LSM tree is at the heart of most storage systems that provide high write throughput, be it a key-value storage like dynamodb/cassandra or a messaging system like pulsar which is backed by bookkeeper.
The various components of a typical LSM backed system are shown below.
The main reason why LSM provides high write throughput is that every write request is actually performed only “in-memory” in contrast to traditional B-Tree based implementation where the updates are done to disk which can trigger an update to an index making it very expensive.
So the obvious question is, how does LSM achieve durability? that’s where WAL comes into the picture.
WAL is a write-ahead log that is used to provide the durability of data during system failures, what it means is that when a request for write comes in, the data is first added to a WAL file (sometimes called journal) and flushed to the disk (using direct io) before updating the in-memory data structure.
This allows for systems to recover from the WAL if it crashes before persisting the in-memory data structure to disk.
Why not directly update the write to the disk instead of updating WAL? it’s because WAL updates are cheaper as it’s append-only and doesn’t require any restructuring of data on disk.
The in-memory data structure is called a memtable, there are various implementations of memtable, but you can think of memtable as just a binary search tree for the sake of simplicity.
So now for every write request, the data is appended to WAL and the memtable is updated and a successful response is returned to the client.
For java implementations, the memtable is usually stored off-heap (direct memory) to avoid GC load
SSTable (Sorted Strings Table)
As it’s obvious that we cannot keep adding data to memtable to bloat the RAM, the memtable is frequently flushed to disk as an SSTable.
SSTable, as the name indicates, is a sorted array of keys persisted on disk.
The reason it is sorted is to make it easy to look up the data for readings.
Okay, now that is the essence of how LSM provides high throughput using a WAL, MemTable & SSTable.
Usually, even every delete request for a key is also added to memtable with a marker indicating it’s deleted and the same information is flushed to the SSTable.
As we keep flushing SSTables to disk, the same key may be present in multiple SSTables, although the latest data of a key is present in the most recent SSTable, it’s presence in all previous SSTable needs to be cleaned up.
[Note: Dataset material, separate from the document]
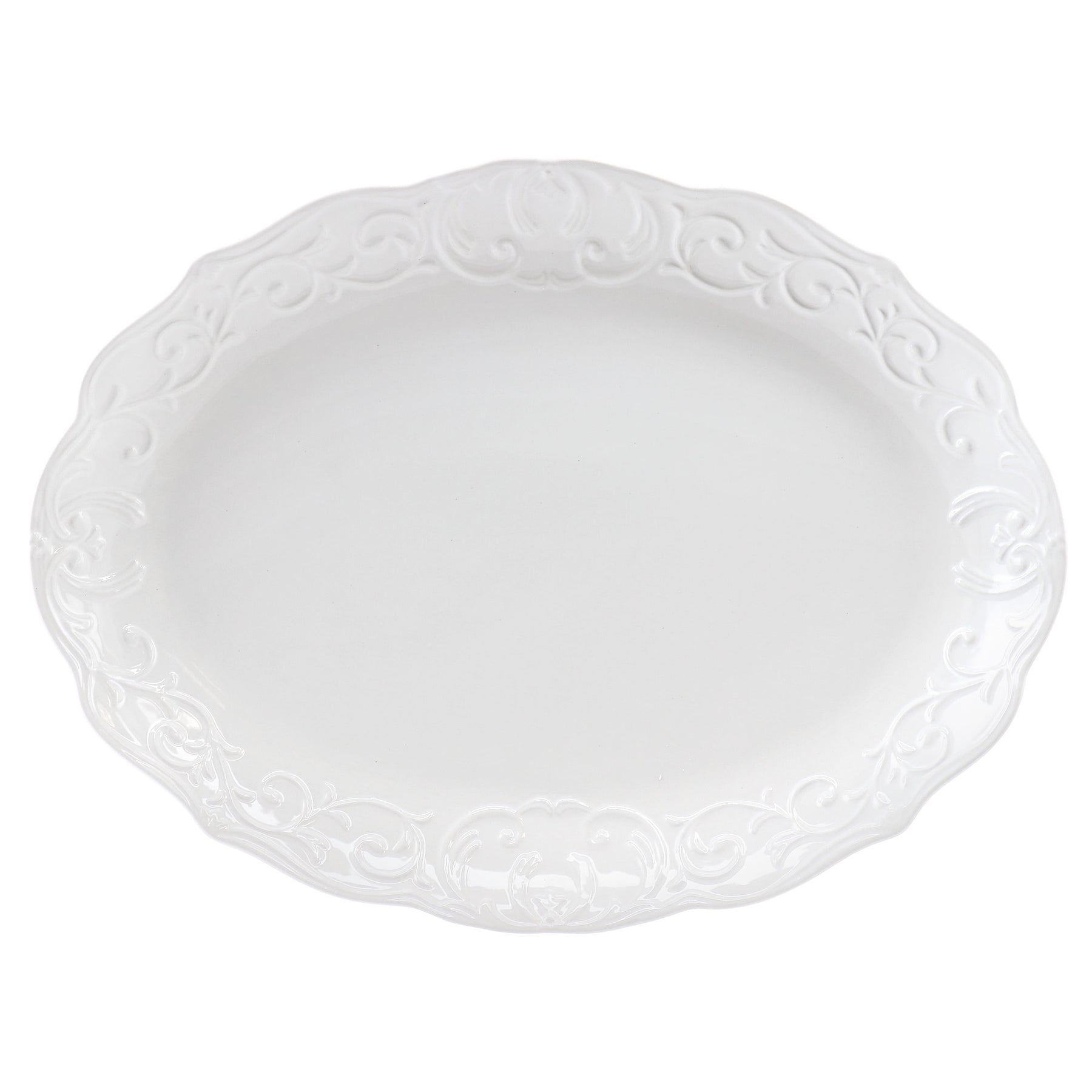 No major dinner gathering is complete without the Gibson Home Bountiful Joy Durastone Oval Platter placed at the center of the table. Its lavish 18.75 x 14 inch size is perfect for any extravagant main dish. The rim is decorated with a Versailles style embossed pattern. The white gloss finish helps exaggerate any colorful meal to draw guests in. The strong durastone material allows for the platter to be dishwasher safe and microwave safe for better everyday convenience. Serve a variety of meals, from a savory lechon, to a large display of juicy steaks!

This is the job of a compactor which usually runs in the background, It merges SSTables by removing redundant & deleted keys and creating a compacted/merged SSTables.
the compactor also is responsible for updating an index (typical B-Tree based index) to locate SSTable a key is present in.
The index data structure created is used to locate the correct SSTable for a key, once an SSTable is located, it is easy to locate the actual key inside the SSTable as it’s sorted, a binary search in-memory is sufficient.
Also, the size of SSTables is chosen in such a way that it corresponds to the operating system page size (usually multiples of disk bock size) making it easier to load the data to memory faster.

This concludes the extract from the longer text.